Mutating tool descriptions per user. Personalizing tool docstrings prevents cross-session sharing — keep tool defs identical and pass user context separately.
Forgetting the cache TTL. Most provider caches have a 5-minute TTL. An idle agent will pay full prefill on its next call. Pin or refresh hot prefixes if traffic is bursty.
Mixing model versions. KV blocks are model-specific. Switching between Sonnet and Opus mid-session means a fresh prefill each switch.

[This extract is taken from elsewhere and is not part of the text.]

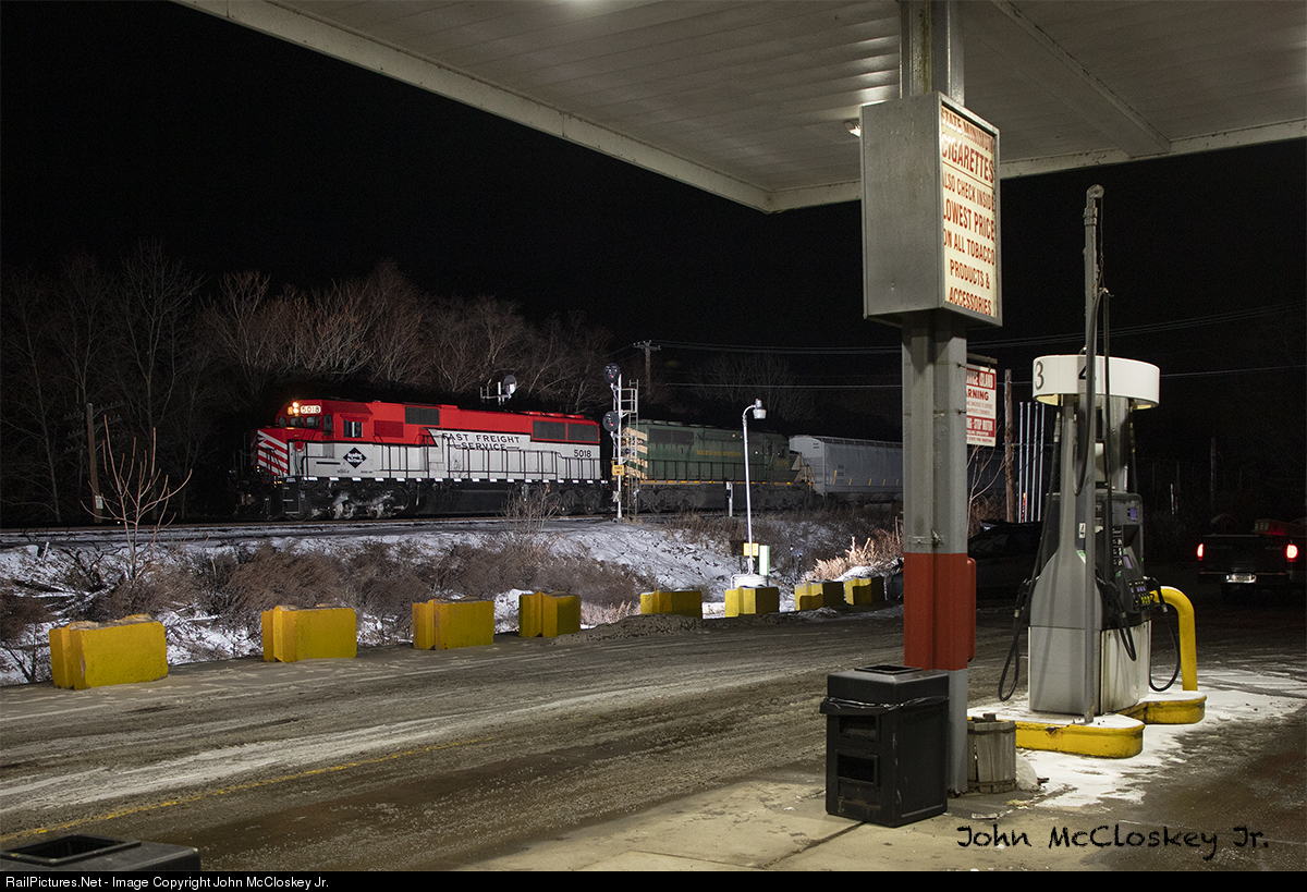 The Reading & Northern's premier train, the NRFF, is seen stopped on the approach into Pittston Yard with one of the railroad's new "Fast Freight" painted SD50's on the point.

13. Vendor Implementations

System	Mechanism	API surface
Anthropic API	Explicit prefix cache, paged blocks	`cache_control: {type: "ephemeral"}` on content blocks
OpenAI API	Automatic prefix caching	None — happens on prompts ≥1024 tokens
vLLM	PagedAttention + prefix cache	`--enable-prefix-caching` flag
SGLang	RadixAttention	Default; tree of prefixes
TensorRT-LLM	KV cache reuse	`enable_kv_cache_reuse` in builder
llama.cpp	Per-session KV cache	`--prompt-cache`

14. Summary

Agentic workflows are loops of LLM calls — most of each prompt is identical to the last call. Prefix-cached KV is the dominant inference-time optimization.
MCP fan-out concentrates a large, stable block of tool definitions in the prompt prefix. That block is the highest-value caching target.
Order prompt content from most stable → most volatile, and place cache boundaries at the natural seams: after the system prompt, after the tool list, after each completed turn.
Within a session, KV blocks accumulate. Across sessions, blocks for the system prompt and tool list are physically shared via paged or radix-tree KV caches.
For parallel tool calls and N-best sampling, copy-on-write of KV blocks lets branches share their parent prefix until they diverge.
Anti-patterns: per-request UUIDs/timestamps in the prefix, non-deterministic tool ordering, in-place history summarization, personalized tool descriptions.

Bottom line: Designing an agent for cache reuse is mostly about discipline in prompt construction — keep the prefix byte-stable, keep dynamic data below the cache line, and let the inference server do the rest. The savings (5–10× faster, ~90% cheaper input) compound with every turn.